Problem to work on:
Transcribe only the lines in the data below falling between the line with "本文关于机械设计基础 下的简介就讲解完毕,希望对大家有所帮助。" and the line with "The Confetti Crush", including those two lines, and leave out any picture.

Material supplied:
◆ ◆ ◆

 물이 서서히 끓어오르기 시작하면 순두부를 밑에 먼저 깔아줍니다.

◆ ◆ ◆

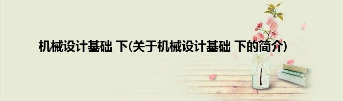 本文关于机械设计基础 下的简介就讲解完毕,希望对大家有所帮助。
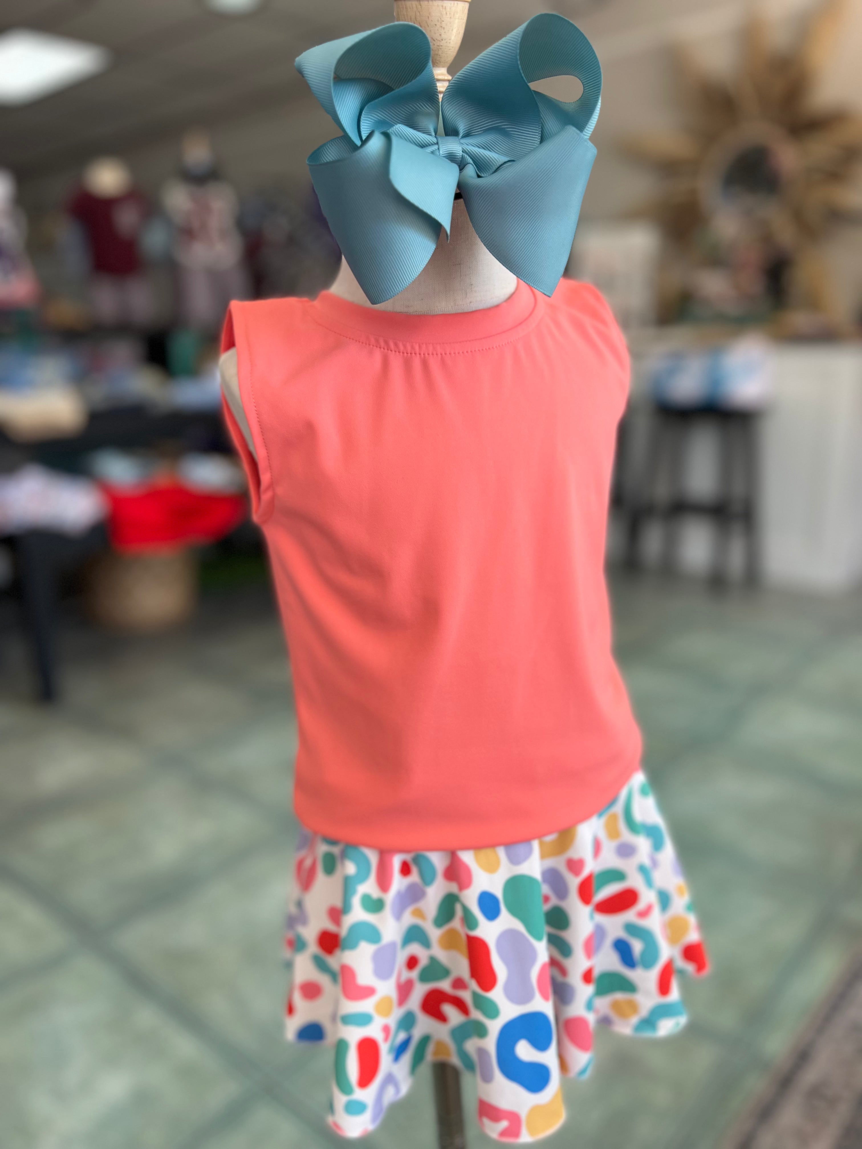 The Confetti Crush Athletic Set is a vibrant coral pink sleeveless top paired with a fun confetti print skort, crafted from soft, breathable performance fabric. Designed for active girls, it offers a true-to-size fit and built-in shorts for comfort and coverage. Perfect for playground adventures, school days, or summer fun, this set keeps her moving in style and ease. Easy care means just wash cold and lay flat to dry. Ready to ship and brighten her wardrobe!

◆ ◆ ◆

Exercise answer:
 本文关于机械设计基础 下的简介就讲解完毕,希望对大家有所帮助。
 The Confetti Crush Athletic Set is a vibrant coral pink sleeveless top paired with a fun confetti print skort, crafted from soft, breathable performance fabric. Designed for active girls, it offers a true-to-size fit and built-in shorts for comfort and coverage. Perfect for playground adventures, school days, or summer fun, this set keeps her moving in style and ease. Easy care means just wash cold and lay flat to dry. Ready to ship and brighten her wardrobe!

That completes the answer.